Refusal of the Defendant’s Application
Against the above background, Freedman J refused to order a preliminary issue trial of causation. His reasons were summarised at :
Applying the criteria considered by David Steele J in McLoughlin v Grovers (A Firm) to the instant case and using the numbering therein, the following conclusions arise:
(1) This is a case where a finding in favour of the Defendant on causation, whether generic or individual (as referred to in paragraph 16 above), would be decisive. However, a finding in favour of the Claimant on causation would involve going back to have to consider the nature of the duty and breach of duty, and then having to visit causation all over again to assess whether the specific breaches (if any) of the duties (to the extent that any were found) caused the loss. This would bring with it the possibility of the Judge trying stage 2 having a different view of the evidence from those found at stage 1. There would then be issues as to how far those findings bound the court at stage 2. This would create especial difficulties if stages 1 and 2 were tried by different judges but might even be challenging if they were tried by the same judge.

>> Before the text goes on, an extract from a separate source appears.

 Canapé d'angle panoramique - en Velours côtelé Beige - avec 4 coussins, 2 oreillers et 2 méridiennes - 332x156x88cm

(2) The issue on causation involves questions of law. However, it also involves complex factual and scientific issues. In the end, it is not a crisp issue to be decided, but it is multi-factorial, where the factors are a mixture of law and fact.
(3) This then gives rise to the difficulty of agreeing facts for a preliminary issue. There are issues regarding the period of the exposure to take into account and in particular the issues as to whether there should be disregarded (a) any exposure after 1994, and (b) any exposure after 2000. There is the issue as to whether the evidence of the 25 factual witnesses is required and the occupational hygiene experts in the first trial. At lowest, there is great effort in identifying the relevant facts. There is no reasonable prospect of agreeing them.

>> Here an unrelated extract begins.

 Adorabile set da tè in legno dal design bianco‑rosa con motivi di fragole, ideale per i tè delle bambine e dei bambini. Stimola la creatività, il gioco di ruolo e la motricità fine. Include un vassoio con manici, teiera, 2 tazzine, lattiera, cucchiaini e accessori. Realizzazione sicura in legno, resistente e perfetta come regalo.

(4) A split trial between causation and other liability issues would be likely to cause significant delay as a result of a likely appeal. The prospects of an appeal at the end of stage 1 are significant, and the effect of that on the trial issues is considerable and possibly intolerable delay. Further, if the Claimant succeeds at stage 1, there are the difficulties of managing the case at stage 2 (see point (i) above), especially if that follows a long delay following an appeal.
(5) Master Thornett was right to reserve this matter to a case management conference. Many issues have been thrown up. A decision not to order a trial of a preliminary issue does not mean that nearer trial matters cannot be revisited if there are changes in circumstances. However, it would have to take into account the matters set out in this judgment.”
Freedman J went on to note at  that “[i]t does seem sensible to separate quantum if that can be done easily, but before making such an order, the Court would wish to hear more about how that would work in practice … because it did not arise on [the Defendant’s] application.”
This case is sure to give rise to some fascinating arguments – at first instance, and possibly on first or even second appeal – not only in relation to causation but also breach of duty and the COSHH Regulations. Those questions of liability will be considered together as opposed to separately. It is suggested that this is the right approach in a case as complex and novel as this. As Lord Scarman observed in Tilling v Whiteman  AC 1, 25: “Preliminary points … are too often treacherous short cuts.”